11、末因劉先鵬確為首揭和解筆錄之原告,而得依和解筆錄內容向該和解筆錄之被告尹孏婷追索債務,因時下不乏委託受理催收債務之公司行號或私人討取債款,該等受託人或使用寄發存證信函、電話通知、親自到訪、配合律師進行協商,或向法院聲請支付命令或持本票聲請裁定強制執行等方式,不一而足;則不論張立名是否為尹孏婷債務之債權人之一,或係受託討債,抑或事後受讓取得部分、全部債權,咸非判斷其討債是否使用不法手段之決定因素,故就此應毋庸贅斷。而據陳如喬前揭證詞,雖得認張立名、劉先鵬進入公司之初,渠等或對告訴人大聲言語,期間尚曾出言罵之,然此 容渠 等對尹孏婷遲未履行依和解筆錄所負之還款義務,又曾子忠避債甚久,而心存不悅、不滿,此尚合於人情之常;而曾子忠於100年3月8日與被告2人協商債務時,未曾表示要離開現場,亦未向數次在場之陳如喬求援或示意,簽發本票或有不情願,但其則此可認係一般債務人有吝於償付全部債務之情緒使然;又雖依其每月平均5萬元之收入而言,按月支付3萬元,以及最後連同其餘本息及費用綜合計算而簽發面額280萬元之本票,可能對其生活造成影響,且程度甚鉅,然觀之其後曾子忠遷居避走他處、更換電話不與被告張立名等人聯絡,又與被告張立名相約協談債務後屢次失信未到等情,則其簽立該等本票之初,苟係出於虛與委蛇,欲託詞應付,俾被告2人願意、甘心離開其公司,俟日後狀況再予盤算,本不能認係受到強制、恐嚇下所為;佐諸上述和解筆錄所應支付之金額不含利息即多達200萬元,償還該等債務之本息本可預見勢將造成經濟上負擔,又曾子忠所應允之前5月之月付金額3萬元未逾薪資,尚有餘額約2萬元,在其幼子交由政府機關安置後,要非全無可能負荷,況其與尹孏婷為配偶,又為尹孏婷業務侵占案件中之共同被告,其本身雖獲判無罪,然仍不脫關係【見前貳二
(四)4】,申言之,其簽發本案本票有其背景緣由,可能之動機、想法紛多,故難認為其同意承受依其能力或屬勉強之本票債務,率而反推必起於被告等有何強暴、脅迫、恐嚇,而影響其意思決定自由之行為。
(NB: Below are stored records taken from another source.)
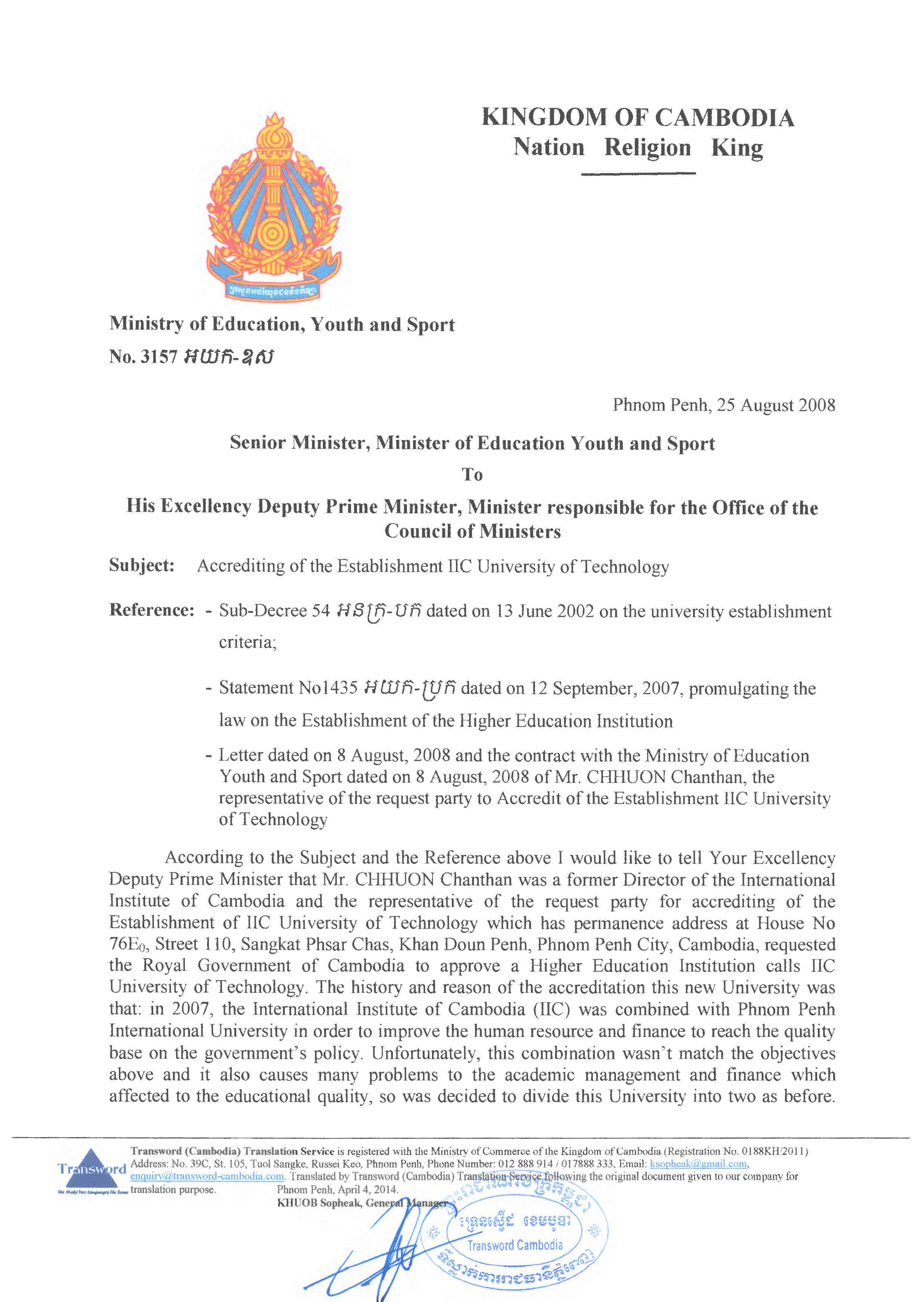 CAMBODIAN PRIME MINISTER'S MESSAGE
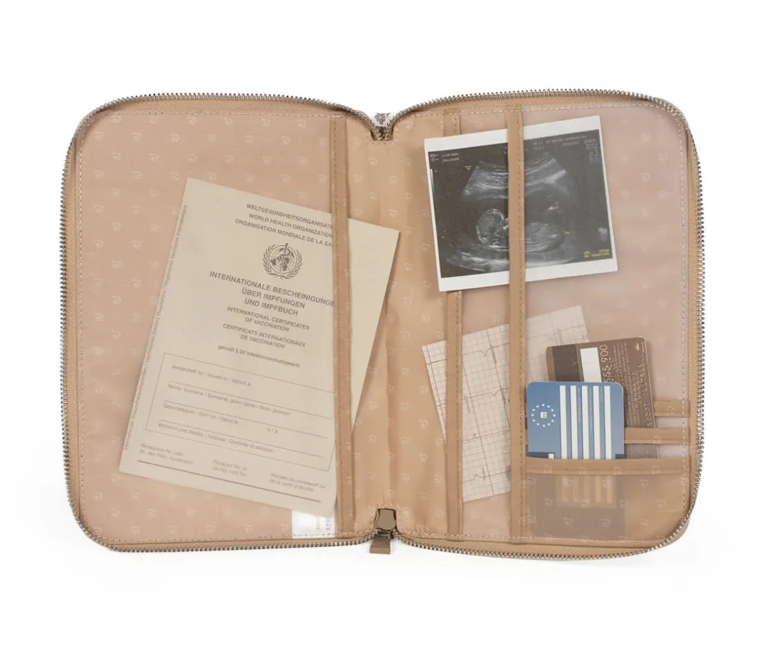 Este práctico portadocumentos es el compañero perfecto para mantener todos los papeles importantes de tu bebé organizados y protegidos. Hecho con ecopiel suave y resistente, cuenta con útiles compartimentos interiores y un cierre de cremallera para garantizar que todo esté seguro.
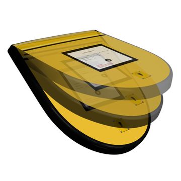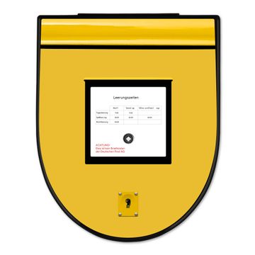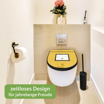 WC Sitz D-Form Schwarz mit Absenkautomatik Motiv Briefkasten Gelb
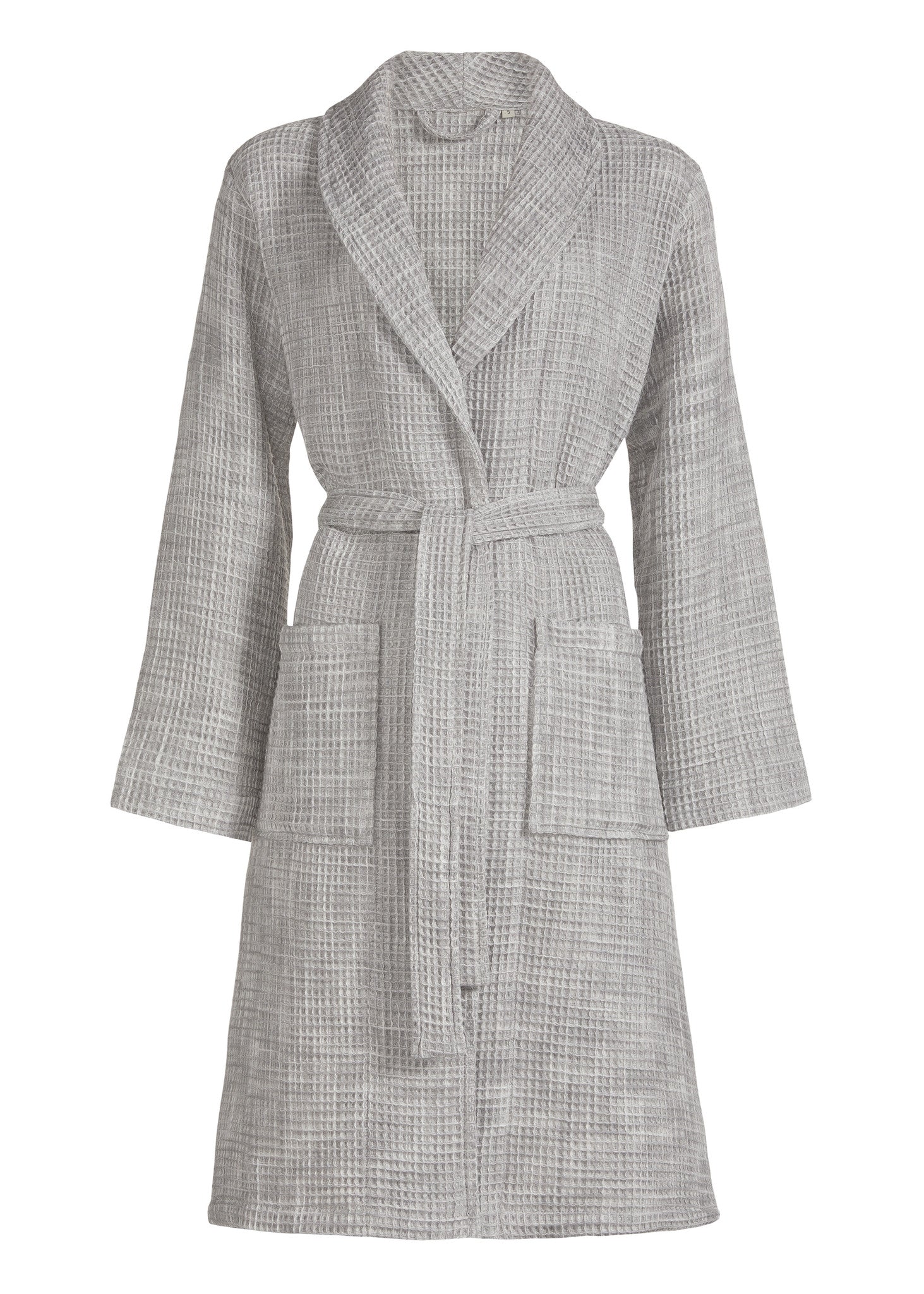 De Portland badjas heeft een elegant model met sjaalkraag, diepe zakken en ceintuur. Gemaakt van de beste kwaliteit organisch katoen, met een unieke, gemêleerde look door het space dying proces. Deze lichte, luchtige badjas is al voorgewassen waardoor het wafelpatroon levendig en krimpvrij is.
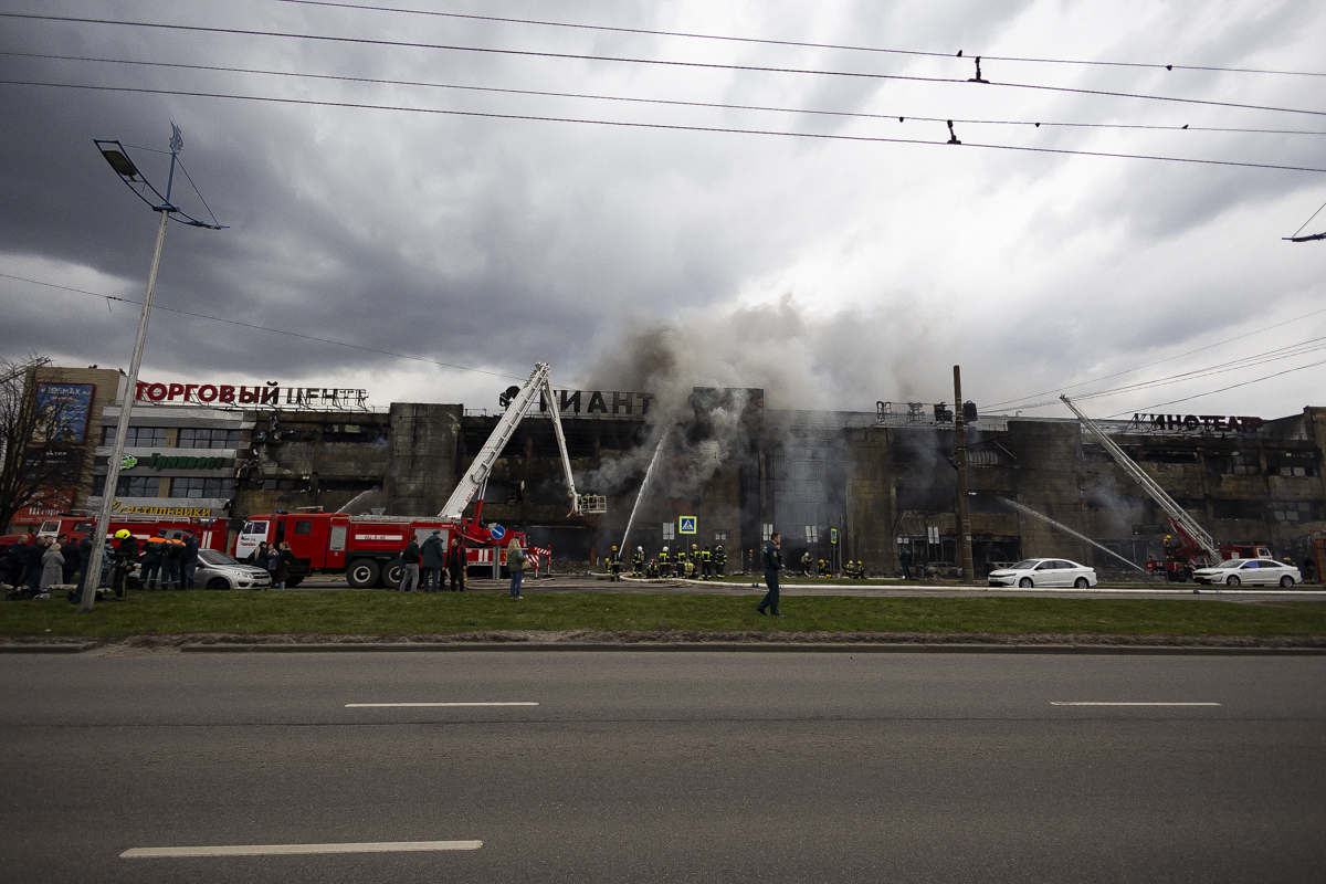 Пожарные начали разбирать конструкции ТЦ «Гиант» на Московском проспекте в Калининграде после ликвидации открытого горения.
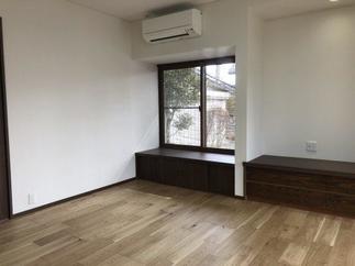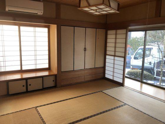 地元に戻ってくる家族のために和室から洋室への内装リフォーム。 縁側が障子で仕切られていて、なんとなく狭さを感じる空間を広く感じれる空間へ。
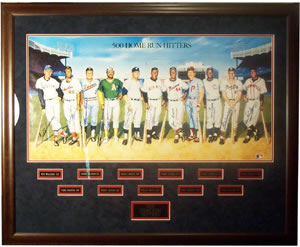 Description: This poster was given out to attendees of the 1989 500 Home Run Hitters Show in Atlantic City. It marked the first ever gathering of all then living 500 Home Run Hitters at one time. It is carefully signed up the leg by each player depicted and beautifully custom framed with engraved nameplates, hand carved stars and lines in the top matte of the double mattes, and wood frame. Visually stunning and done in private signings to provide quality autographs. Signed: Blue Sharpie Approximate Size: 43.5 X 32 Price: $3295. Back to the Memorabilia Page... |
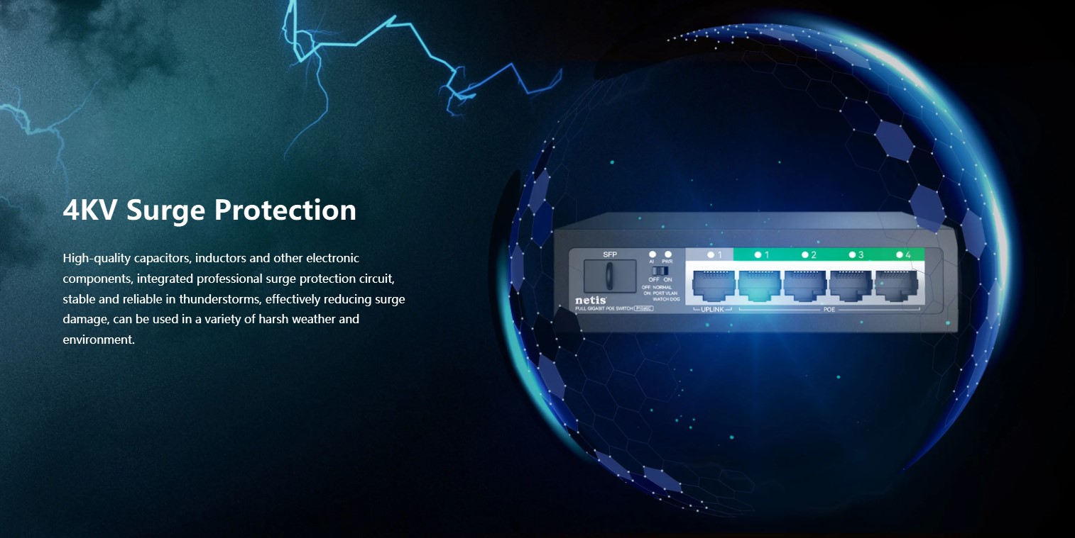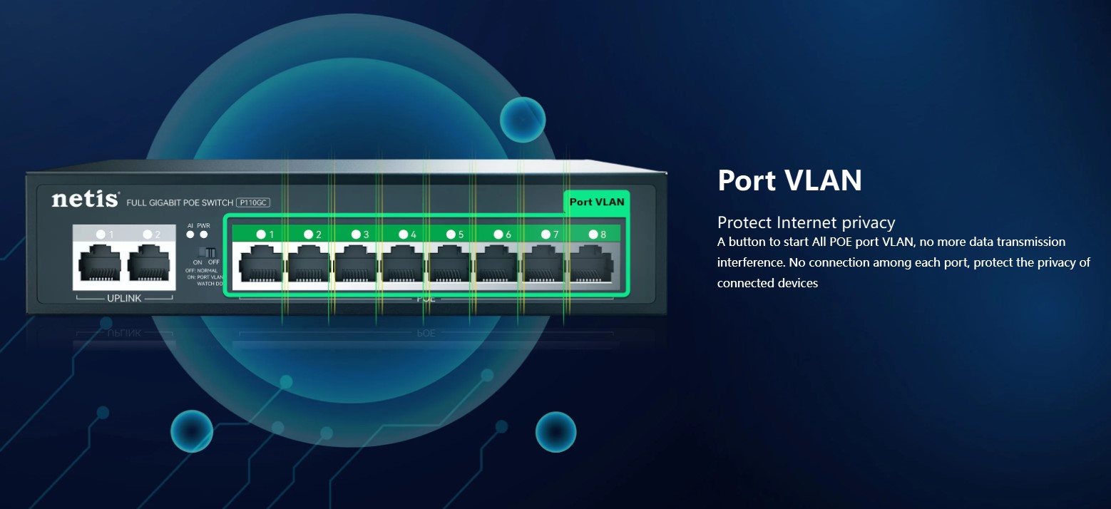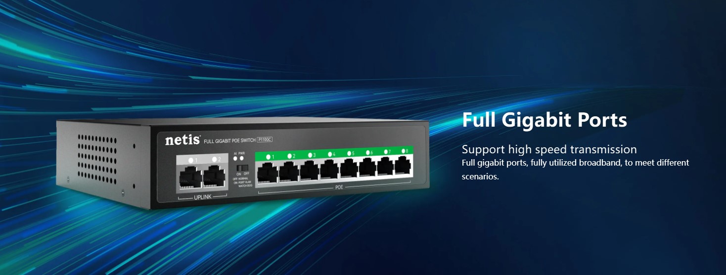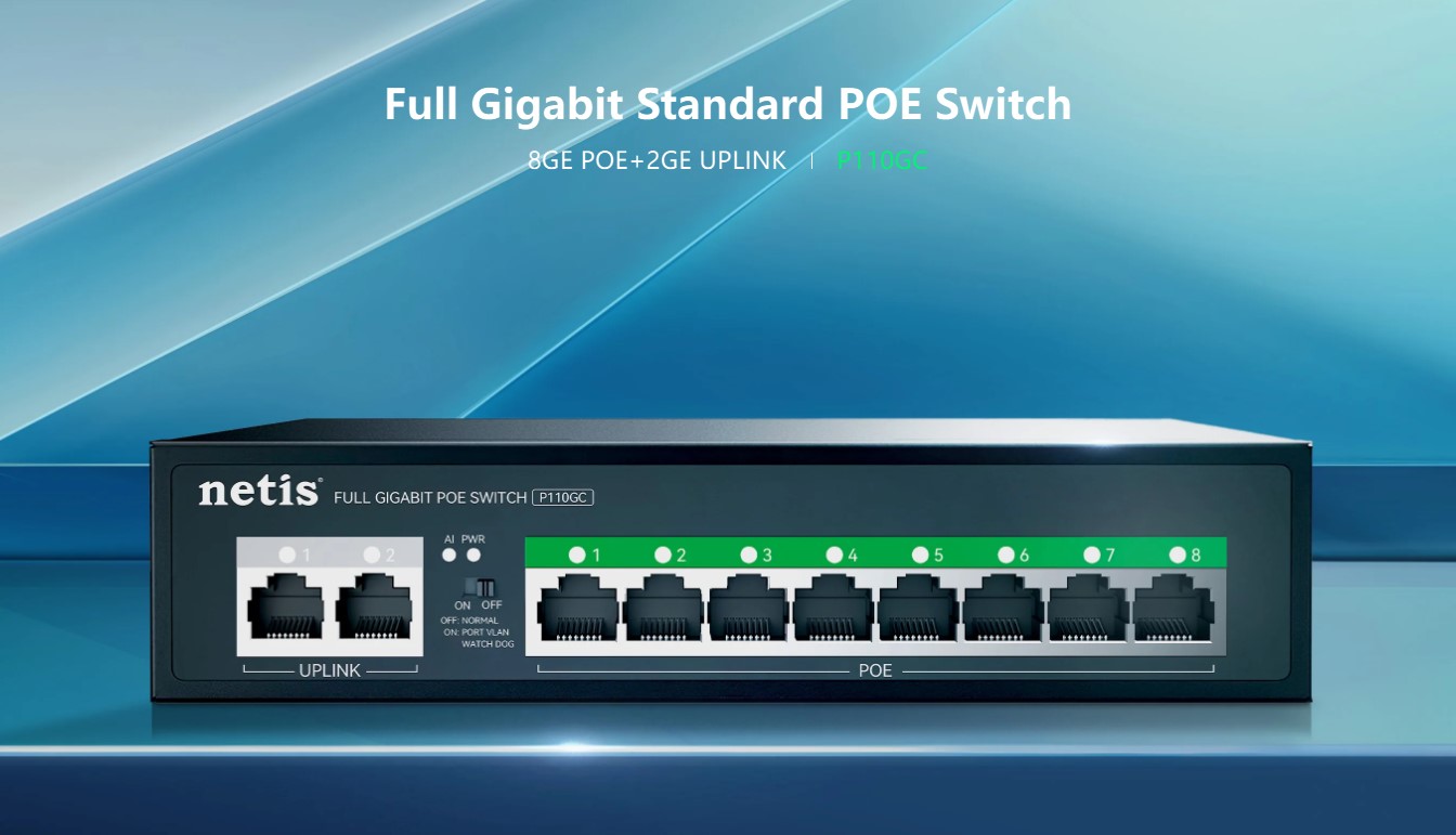 The Netis P110GC is an 8-port PoE Gigabit switch designed for small to medium business networks. It features 8×10/100/1000M PoE ports, 2 uplink RJ45 ports, a 20G switching capacity, and a 2K MAC address table, ensuring fast, stable, and reliable network performance. Its plug-and-play setup and durable metal casing make it ideal for IP cameras, access points, and network expansion in offices, commercial spaces, and smart home setups.

(五)綜上所述,被告張立名、劉先鵬固確於100年3月8日前往富誠貨運公司尋找告訴人曾子忠,並催討債務,而由告訴人簽發本票,然因告訴人不利被告等人之指訴,因就被告2人是否涉嫌強制、恐嚇等罪之重要情節確有前後不一之情形,除有誇大、渲染之疑外,已然影響其關於其基本事實之敘述,且存有與事實不符及背於常理之瑕疵,洵不足憑。且告訴人所指於100年3月8日遭被告劉先鵬夥同前去其公司之被告張立名出言恫嚇乙事,以及被告張立名於100年5月間對之恐嚇,並要求轉知尹孏婷等節,除其個人為證外,別無目睹、耳聞之人證,復無客觀具體之證據可資參佐;又告訴人所指此部分其先後於100年3月8日遭恐嚇及強制、於100年5月間遭恐嚇之時間,尹孏婷均仍在監服刑,顯然全未目睹,是尹孏婷於警詢、偵查中就被告2人於此段期間所為之證詞,無非聽聞告訴人曾子忠轉述,自無由憑以補強告訴人指述之真實性。再據告訴人曾子忠於本院審理時陳明:所稱100年3月8日前遭被告恐嚇之情,並無證據可以證明;伊於100年5月初,在大魯閣保齡球場附近,交付3萬元與被告張立名時,被告張立名對伊講恐嚇話語,當時無人聽聞,被告張立名恐嚇伊之行為,僅有簡訊部分可以證明等語在案(參本院卷第
157、160頁),且其於本院審理中尚陳:與被告間僅在公司談過1次,其他僅2次在前租屋處,與被告間談論本案債務共3次,3次談話內容可能混淆,對於被告講話內容或有記憶不清之情等語;益徵別無其他證據得用以核實告訴人曾子忠單一、片面且與事實、常情不符,又恐有混淆之說詞。從而,公訴人所指出證明之方法,尚未達於通常一般之人均不致有所懷疑,得確信其為真實之程度,而有合理性懷疑之存在。此外,復查無其他積極證據足認被告2人確有檢察官所訴於100年3月8日共同強制、恐嚇之犯行或被告張立名有於100年5月間恐嚇之犯行,被告
2人此部分犯罪即屬不能證明,揆諸首揭法條及判例意旨說明,自應為 就渠 等被訴於100年3月8日間之共同強制、恐嚇部分為被告2人無罪之諭知。另關於被告張立名被訴於100年5月間之恐嚇犯罪,因若此部分成立犯罪,與其嗣後於100年8月間傳發恐嚇內容簡訊之用意均為索討本案債務,在見債權恐不獲清償之情形下所為,而公訴人亦認此部分與前揭論罪科刑部分,具有接續犯之實質上一罪關係(參本院卷第150至151頁),爰就被告張立名被訴於100年5月間犯恐嚇罪部分,不另為無罪之諭知,附此敘明。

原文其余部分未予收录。